The felon is incredibly bad at damn near everything. One of the things he’s absolutely terrible at is reporting facts. Everything he asserts is false. He is, as should be obvious to even the most disinterested observer, too lazy to find out facts. So he opens his mouth and says what he wants to be the truth. He is such a simpleton, and such a lazy one at that, that he simply doesn’t know he’s spewing counterfactual assertions. The key thing here is the things he wants to be true are all based on his desire to satisfy, to unleash his cruelty. And that’s not humor; it’s just cruelty.
When I say he’s satisfying his need for cruelty, I mean he’s using cruelty to dominate, to control, to have power over others.
Bodega is Spanish and means wine cellar, often with a door to the street when it is open to the public, mostly cheap places for winos, but it can also be private and only accessible from within the house.
Of course, he doesn’t jest, he often says the quiet (keep it to himself) out loud, and if a row is made of it, he’ll say he was just kidding or meant something else.
From New York, and I can’t think of any stores “on the corner” in any of the boroughs. Tom’s Diner, used extensively in “Seinfeld” for location cues, was referred to as “On the corner” in Suzanne Vega’s song “Tom’s Diner,” yet unless you lived on that block, you’d not say “Let’s go to the corner diner”. As for Seinfeld, that seemed to be the only diner they ever went to, and they’d probably just say, “Let’s go to the diner”. As for little convenience stores, “bodega” would have the widest use, though trump could have offered that up rather than say he couldn’t figure out what a “corner store” was and ranting about it.
Bush Sr’s bafflement at the supermarket scanner was a mistake of his handlers. It would have been somewhat impressive if someone had quickly explained the tech of checkouts back then. I don’t thnk it hurt him as much as Dukakis riding in a tank did, yet it’s the job of the forward crew to explain stuff like how ridiculed you’ll be if you don’t know this or do that.
I had never heard the term “bottled,” yet I’m not running for MP in the UK. I like Liverpool, though I guess I’d have to change that if I did run for MP outside Liverpool (never been). Anyways, I know Vance endorsed Arsenal (dunno if he visited them while in London) and they have a 6 point lead with 6 games to go and if one of the Manchester teams catch up, he’ll have one more FAIL to his name way before the midterms.
IME almost all NYCitizens use “bodega” where people in other US cities use “corner store” (which differs from “convenience store” in that the latter is usually a national chain, and can be located anywhere, not just in urban areas. Every convenience store everywhere sells essentially the same items, where bodegas/corner stores reflect the ethnicity and socioeconomic status of their particular neighborhood). (Actually, in recent years NYC has embraced the term “convenience store” as a euphemism for “gray-market weed shop”)

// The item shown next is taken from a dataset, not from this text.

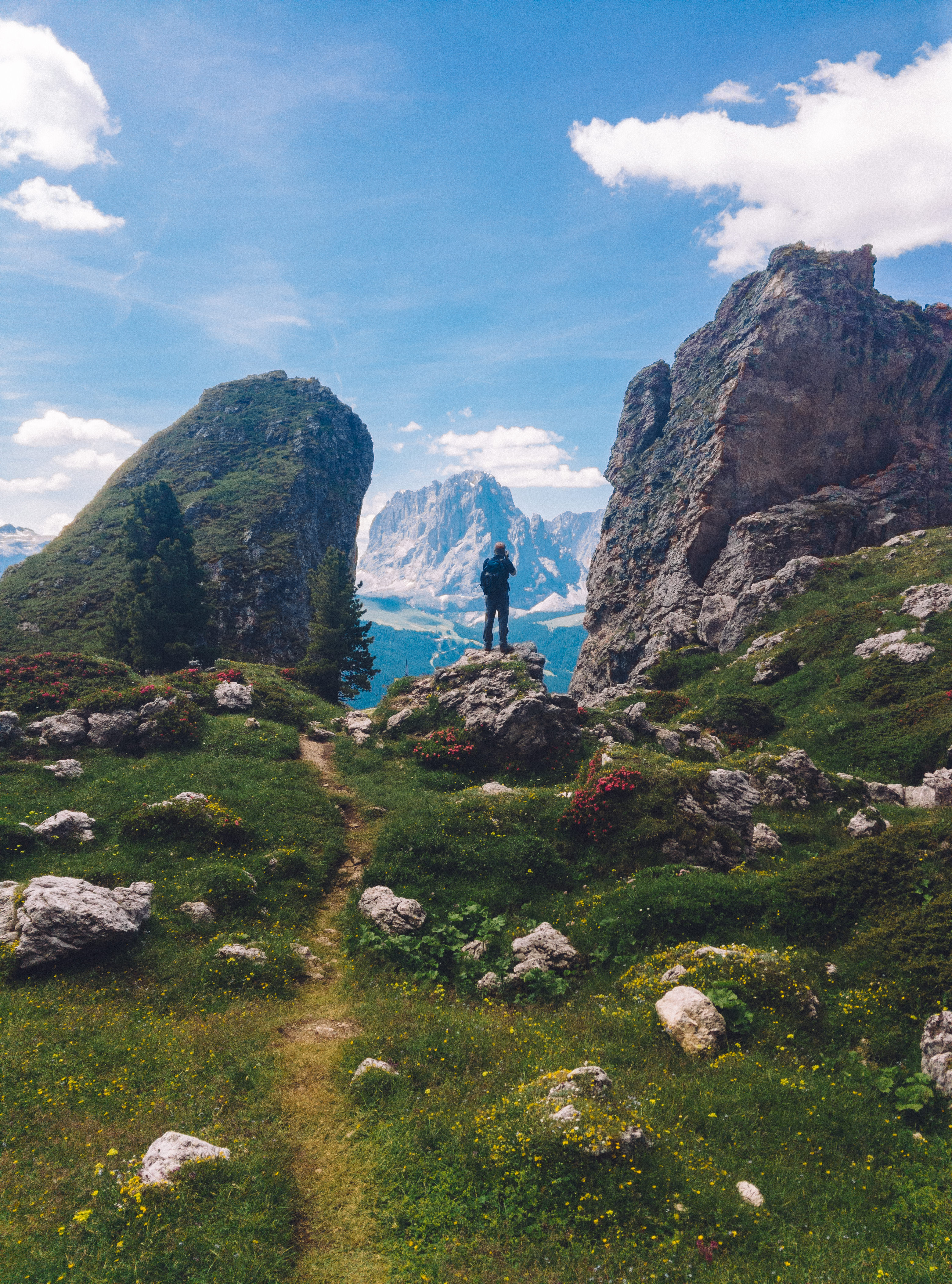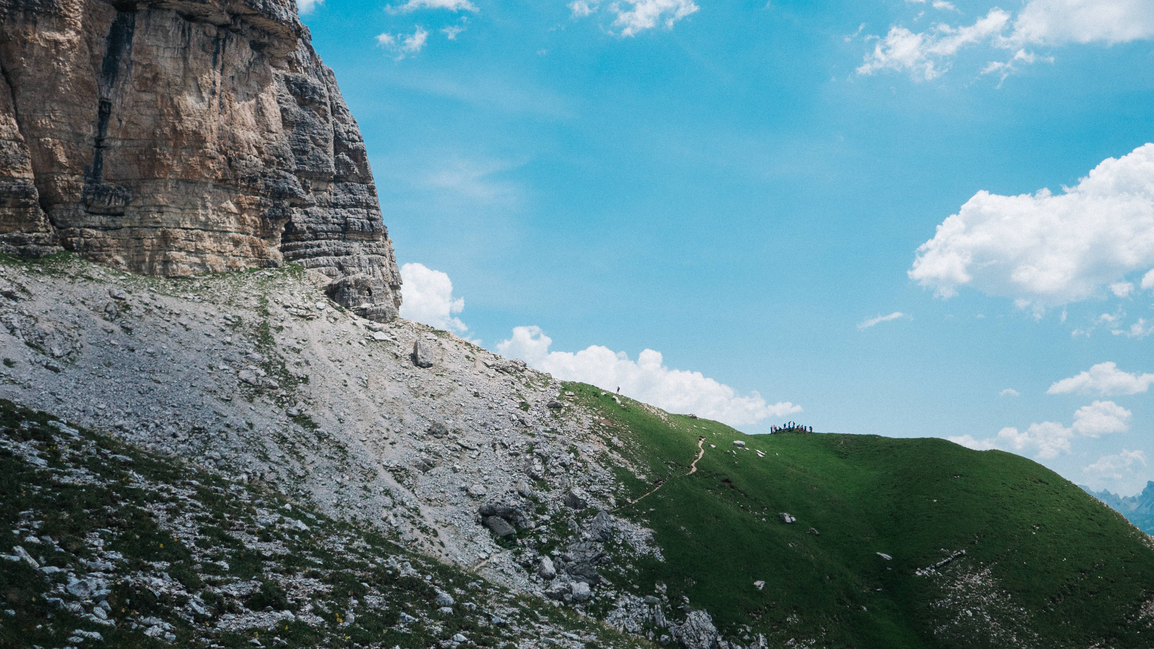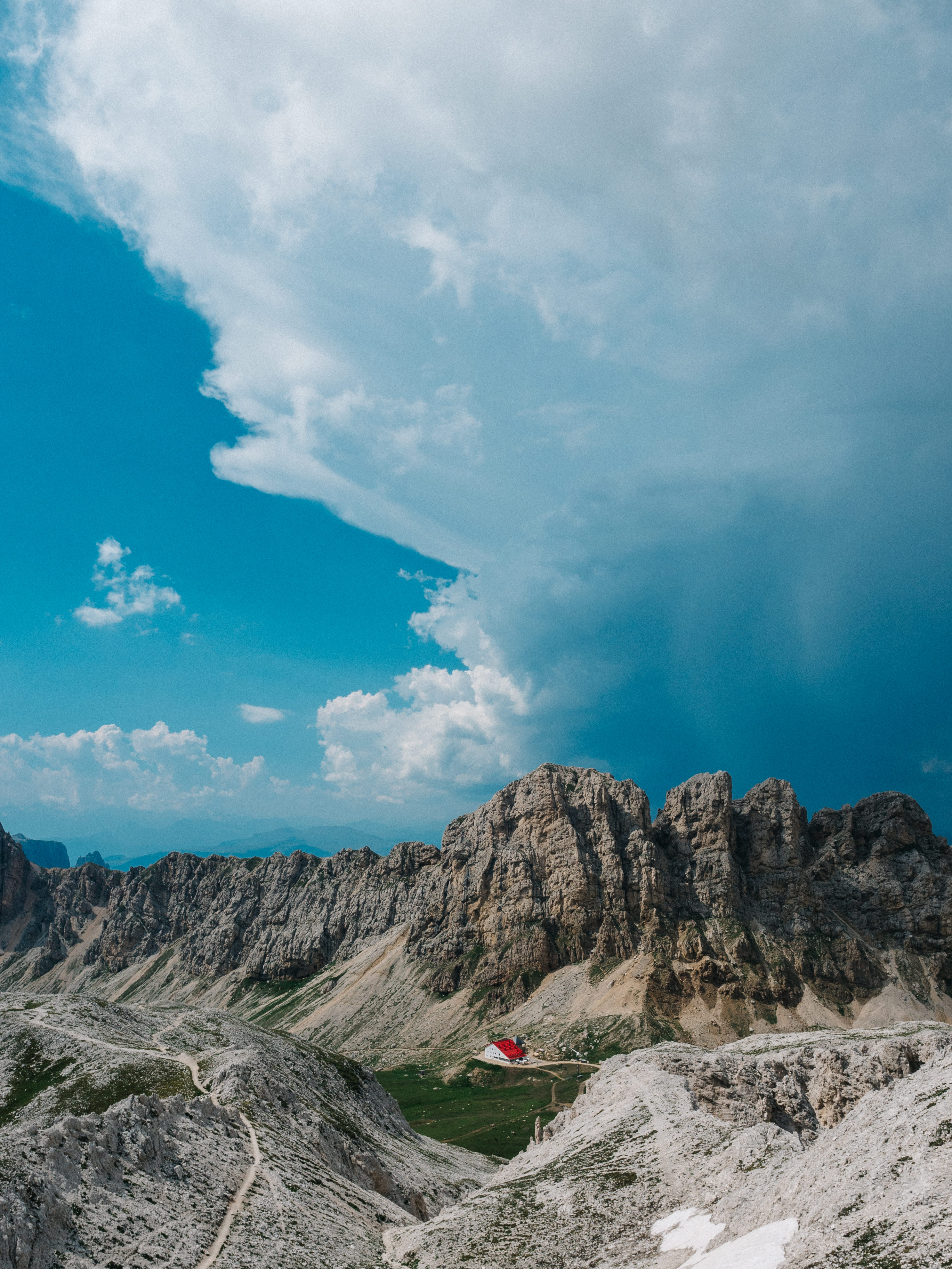 After returning down, we made our way along the path behind the rifugio - the one that winds it’s way diagonally up and right, following the ridge all the way into the pass. If you zoom in, you may be able to spot the red roof of Rifugio Alpe di Tires.

But it beggars imagination that anyone in NYC would never have heard of the term “corner store”.
I don’t drink it straight but have a bottle of sweet Italian vermouth on hand for a Manhattan-like cocktail I make. I don’t judge others on what they might drink.* The Whisk(e)y Tribe’s motto is, The best whiskey is the whiskey you like drunk the way you like it.
Like that MRI guy who wore a chain and padlock?
“Here, sir, is the latest Noble prize. Yes, it is made of iron. Gold is for wimps and you’re an iron man. Now, stand right over this groove in the deck for a photo-op. Yes, she’s eighteen – that’s as young as you can be in the navy”
*Well, Mad Dog 20/20, perhaps, but other than that…
Until relatively recently, in Massachusetts they’d call it a “spa”. But nowadays a “spa” is plsce you go for mani-pedis and skin treatments, and the “convenience stores” that are still called “spas” are few and far between.